Tabi and I had to watch "Far From the Madding Crowd" for her English Lit GCSE. Thankfully I didn't have to read the book too. How Hardy became a classic I will never know! Though I have a good friend who would disagree and thinks he's brilliant. Each to their own. And why if we all have so many different tastes in what makes good literature do we have certain people picking what is a "classic" and what to make young people study of GCSE and 'A' Levels, which often put people off reading for life?
Anyway I was struck by 2 things:
Firstly Bathsheba is so upset that Boldwood shoots her husband and is going to hang for it that she gets his case sent back and makes sure he is then locked up in an insane assylum for the rest of his life. This at least eases her conscience but I am sure is no fun at all for poor Farmer Boldwood, and if not insane when he went in definitly would've gone insane.

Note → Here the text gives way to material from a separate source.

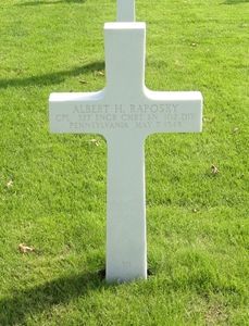 Cpl Albert H. Raposky attended high school for one year. He enlisted in Pittsburgh, Pennsylvania on 7 November 1942.Source of information: Terry Hirsch, www.wwiimemorial.com, Carla Mans, www.fold3.com, www.ancestry.com - WWII Enlistment Record / Headstone Inscription and Interment Record / Veteran Compensation Application File U.S. WWII Draft Cards Young Men / 1920/1940 Census‏

And it got me thinking of how often we manipulate situations because they ease our conscience and may not be what is best for others. But we feel better about it.
And the second thing was when the sheep go off in the clover field and get really, really sick eating something that poisons them and how Gabriel Oak is the only person who knows how to deal with their gassed up stomachs without killing them. And of how we are often compared to sheep - sheep who have gone astray, sheep in need of a shepherd.
And it struck me that so often we don't let the Holy Spirit come along and get the bad stuff out of us in the way He knows best, but that so often as church we think we know the right formula and so deal with it as we have always done and actually can cause more harm than good. Instead of waiting, which is what they had to do, asking in the right way (as Bathsheba had upset Oaks and banished him - oh don't we often do that with God too??), and then letting Him do it in the way He knows best.